According to GP1, tert-butyl [2-(1H-indol-3-yl)ethyl]carbamate (5a) (200 mg, 0.769 mmol), cesium carbonate (1.25 g, 3.84 mmol, 5 equiv.), and 3Å molecular sieves (200 mg) in acetonitrile (7.7 mL) were reacted with 2,4,5-trifluorobenzenediazonium tetrafluoroborate (378 mg, 1.54 mmol, 2 equiv.) at −20 C. The crude product was purified by column chromatography to yield 10 (198 mg, 62 %) as red oil. – ¹H NMR (500 MHz): 1.56 (4.5 H, s), 1.63 (4.5 H, s), 3.31–3.66 (2 H, m), 3.76–3.90 (2 H, m), 4.88 (0.5 H, br s), 5.31 (0.5 H, br s), 6.02–6.10 (2 H, m), 6.74–7.31 (6 H, m) ppm. – ¹³C NMR (125 MHz): 14.2, 21.0, 28.5, 28.5, 28.7, 34.0, 34.3, 36.7, 45.3, 45.7, 60.5, 78.5, 78.6, 80.2, 80.5, 81.4, 89.2, 90.2, 101.7, 102.0, 103.9, 104.1, 104.2, 106.0, 106.2, 106.3, 106.4, 106.6, 109.8, 109.9, 111.1, 111.1, 111.1, 119.1, 119.5, 125.0, 125.1, 126.9, 126.9, 128.2, 128.3, 128.3, 128.6, 128.6, 128.9, 130.1, 130.2, 130.2, 132.0, 135.6, 135.7, 145.7, 145.8, 147.4, 147.5, 147.6, 147.7, 147.8, 149.4, 150.0, 150.00, 150.4, 150.4, 153.8, 154.8, 156.4, 158.4, 171.2 ppm. – ¹⁹F NMR (282 MHz): –126.1, –127.6, –137.6, –138.2, –139.8 ppm. – IR: 1159, 1207, 1286, 1411, 1527, 1631, 2999, 3053 cm⁻¹. – MS ESI: 417.2, calcd: 417.2446, HRMS found: 417.1544 [M⁻].

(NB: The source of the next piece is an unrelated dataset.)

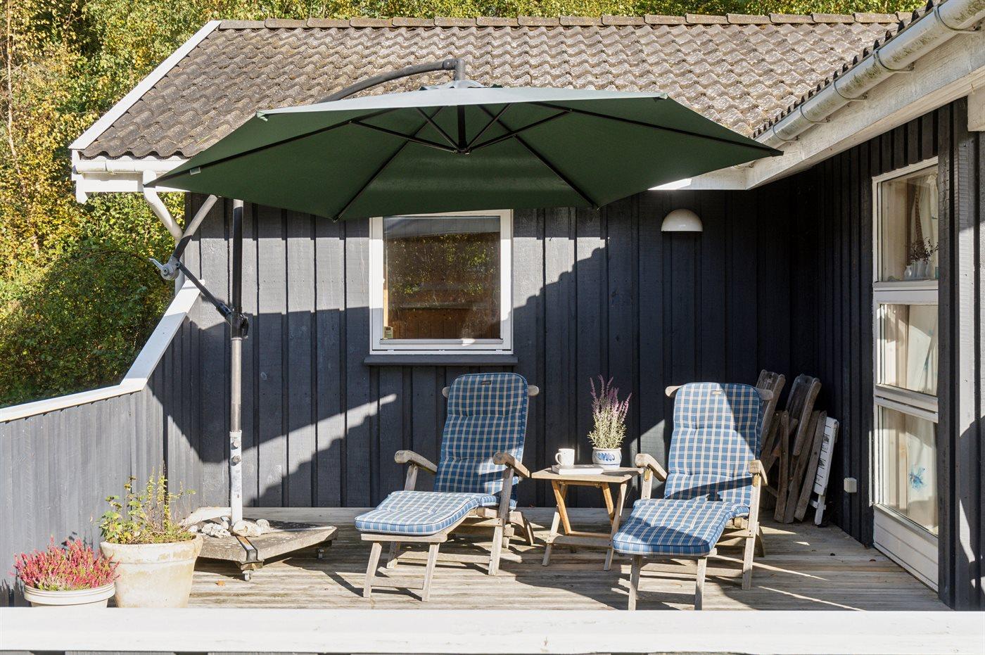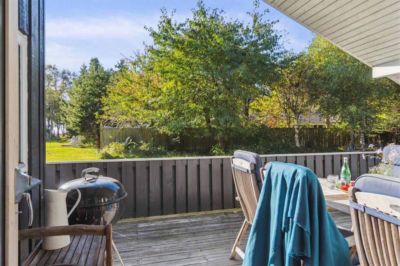 Vær opmærksom på, at rækværket om terrassen nu er fjernet for at åbne op til naturen omkring huset. Der kommer nye billeder i maj 2026.

(3aR,8aS)-1-Benzyl-3a-(phenyldiazenyl)-3,3a,8,8a-tetrahydropyrrolo[2,3-b]indol-2(1H)-one (11)

According to GP1, N-benzyl-2-(1H-indol-3-yl)acetamide (5b) (1.0 g, 3.64 mmol), 3Å molecular sieves (300 mg), cesium carbonate (5.95 g, 18.20 mmol, 5 equiv.) in acetonitrile (36 mL) were reacted with benzenediazonium tetrafluoroborate (1.40 g, 7.28 mmol, 2 equiv.) at −20 °C. The crude product was purified by column chromatography to yield 11 (1.18 g, 88 %) as a red oil. – ¹H NMR (500 MHz): 3.23 (1 H, d, J = 17.5 Hz), 3.47 (1 H, d, J = 17.5 Hz), 4.38 (1 H, d, J = 15 Hz), 5.10 (1 H, d, J = 15 Hz), 5.81 (1 H, d, J = 4 Hz), 6.78 (1 H, d, J = 8 Hz), 6.95 (1 H, t, J = 8.5 Hz), 7.25 (1 H, t, J = 7.5 Hz), 7.34–7.50 (9 H, m), 7.72–7.75 (2 H, m) ppm. – ¹³C NMR (125 MHz, CDCl₃/DMSO-d₆): 39.4, 41.8, 76.7, 81.7, 109.8, 118.2, 120.2, 121.2, 123.8, 126.2, 127.3, 127.7, 128.9, 130.0, 135.1, 148.5, 149.9, 169.4 ppm. – IR: 1057, 1162, 1306, 1440, 2899, 3025 cm⁻¹. – MS ESI: 369.1, calcd: 369.1710, HRMS found: 369.1712 [M + H⁺].

(3aR,8aS)-3a-(Phenyldiazenyl)-1-tosyl-1,2,3,3a,8,8a-hexahydropyrrolo[2,3-b]indole (12)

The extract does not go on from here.